The other thing they are worried about is that the infection is still showing up in his blood. I think that after a week of antibiotics, they should not see it. I am not sure of that fact though. So to check for infection in other places in his body they will do another test. In this test they will take some blood out of his body and then inject it with dye. Then they put the blood back into his body and the white blood cells that are tagged with go to where the infection is. That way when they do the CT scan the infected areas will light up. Hopefully, it will only be his right hip that shows infection. So we should know some more things tomorrow. Also the doctor does hope to take the tube out tomorrow. So hopefully it will be a good day.

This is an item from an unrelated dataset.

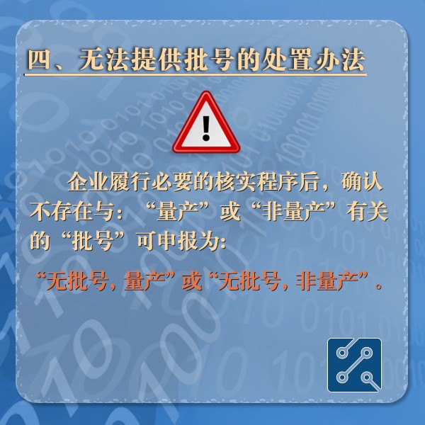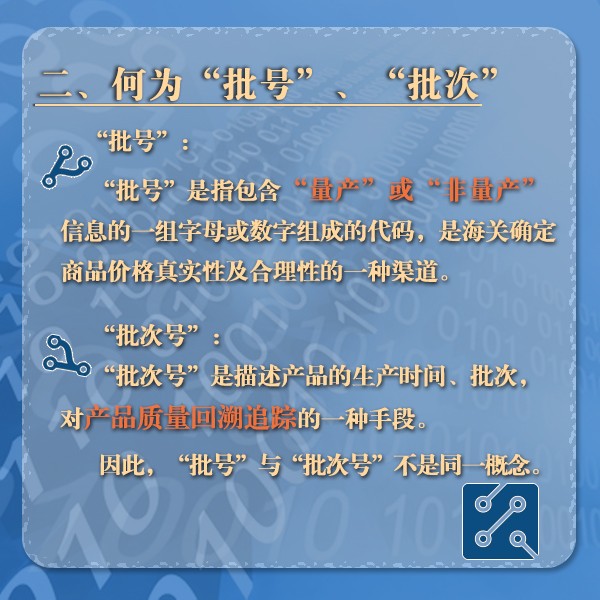 申报要素调整后,有很多小伙伴不清楚,此次集成电路的申报要素新增加的批号、批次应如何申报,这不,12360的小伙伴给出了答案:原来批号要确定产品是量产还是非量产,而批次则是产品质量回溯追踪的一种手段。具体要如何申报,赶紧看图吧↓↓↓

I am actually at home this evening. I feel really exhausted and need to catch a little break. Also I need to check everything that Diana has packed for herself to see if she has everything. Her activity day leader has taken her to dinner and a movie with her four year old grand daughter. Then I think Diana will spend the night with them. The activity day girls are going to see the Mormon Fort tomorrow morning, so she will be there already for that. Trent and I get to go to court again in the morning, this time for Trent. That appointment is at 9:00 am. Ouch, I better go to bed early tonight. Marion is gone helping a friend with a plumbing problem. So it is blissfully quiet here right now. I just want to get through tomorrow. Get some good results, have Jared's tube come out, and get Diana on the plane. Then if I want to I can stay at the hospital 24/7, there will be no reason to come home. Oh, unless I want some decent food and rest.